I obtained even stronger results. The t-statistic is -2.43.
Am i correct that now i can claim that y2 as a significnat negative effect
on y1 based on the -2.43.
Thanks,
Danny
----- Original Message -----
From: "Austin Nichols" <[email protected]>
To: <[email protected]>
Sent: Thursday, February 28, 2008 4:00 PM
Subject: Re: st: conditional likelihood ratio test when the cluster option
is used in ivreg (weak instrument).
Danny--
The answer is no, you cannot "trust this result" from a command that
does not allow cluster-robust estimation when you must use clustered
standard errors in the IV (ivreg2) estimation. If clustering is
important, and you have said that it is, and you have a weak
instruments problem, you must either improve the quality of your
instruments by adding/finding more excluded instruments, in which case
you probably want the LIML/CUE options on -ivreg2- (and overID tests),
or you can use a method of inference robust to the presence of weak
instruments that allows clustering, namely Anderson-Rubin tests/conf
regions. I discussed this in some detail at NASUG5, and some of the
material appears in the slides at
http://www.stata.com/meeting/5nasug/wiv.pdf and some in Stata Journal
7(4).
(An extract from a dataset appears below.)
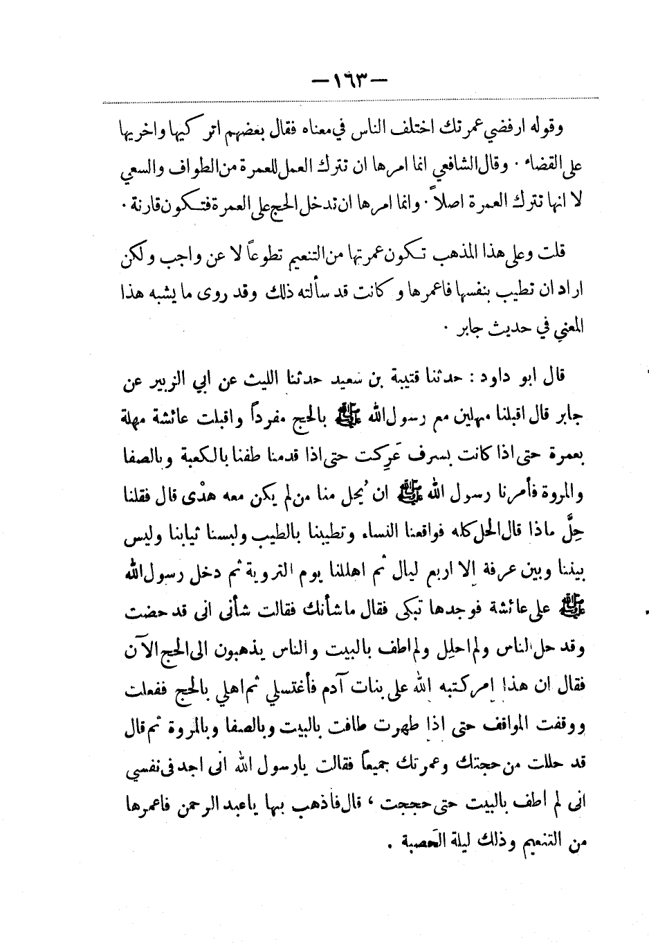 قال أبو داود: حدثنا قتيبة بن سعيد حدثنا الليث، عَن أبي الزبير عن جابر قال أقبلنا مهلين مع رسول الله صلى الله عليه وسلم بالحج مفردا وأقبلت عائشة مهلة بعمرة حتى إذا كانت بسرف عَرِكت حتى إذا قدمنا طفنا بالكعبة وبالصفا والمروة فأمرنا رسول الله صلى الله عليه وسلم أن يحل منا من لم يكن معه هدي قال فقلنا حِلَّ ماذا قال الحل كله فواقعنا النساء وتطيبنا بالطيب ولبسنا ثيابنا وليس بيننا وبين عرفة إلاّ أربع ليال ثم أهللنا يوم التروية ثم دخل رسول الله صلى الله عليه وسلم على عائشة فوجدها تبكي فقال ما شأنك فقالت شأني أني قد حضت وقد حل الناس ولم أحلل ولم أطف بالبيت والناس يذهبون إلى الحج الآن فقال إن هذا أمر كتبه الله على بنات آدم فاغتسلي ثم أهلي بالحج ففعلت ووقفت المواقف حتى إذا طهرت طافت بالبيت وبالصفا وبالمروة ثم قال قد حللت من حجتك وعمرتك جميعا فقالت يا رسول الله إني أجد في نفسي أني لم أطف بالبيت حتى حججت، قال فاذهب بها عبد الرحمن فاعمرها من التنعيم وذلك ليلة الحَصبة.

On Anderson-Rubin tests/conf regions, see the Dufour and
Taamouti ref linked from http://www.stata.com/meeting/5nasug/wiv.pdf
(though I prefer constructing the confidence region rather than the
projection onto individual axes that they advocate--the latter can be
deceptive if, say, there are two variables measuring a similar
quantity and you can reject that both coefs are simultaneously zero
because the conf ellipse does not include the origin, but the
projections might both overlap zero). Tests are easier than
confidence regions for this approach, obviously.
On Thu, Feb 28, 2008 at 8:09 AM, Danny Cohen-Zada <[email protected]>
wrote:
I will try to edit my question to be clearer.
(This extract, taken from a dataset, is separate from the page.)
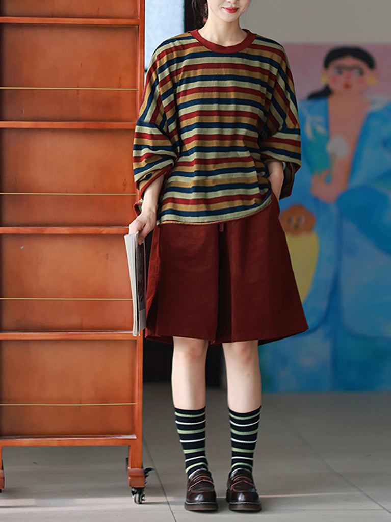 Plus Size Women Autumn Casual Stripe O-Neck 100%Cotton Blouse

Suppose that i estimate the following iv model with the cluster option.
ivreg2 y1 x1 x2 (y2 = z1 ), ffirst cluster (x3)
I tested that my instrument is weak (using the clustered f-statistic)
and
found that my instrument is weak.
Then i run the conditional likelihood ratio test
condivreg y1 x1 x2 (y2= z1)
This command does not have the cluster option.
Supose that i find that the p-value of this test is 0.000 . Can i trust
this
result even when i use clustered standard errors in my ivreg estimation.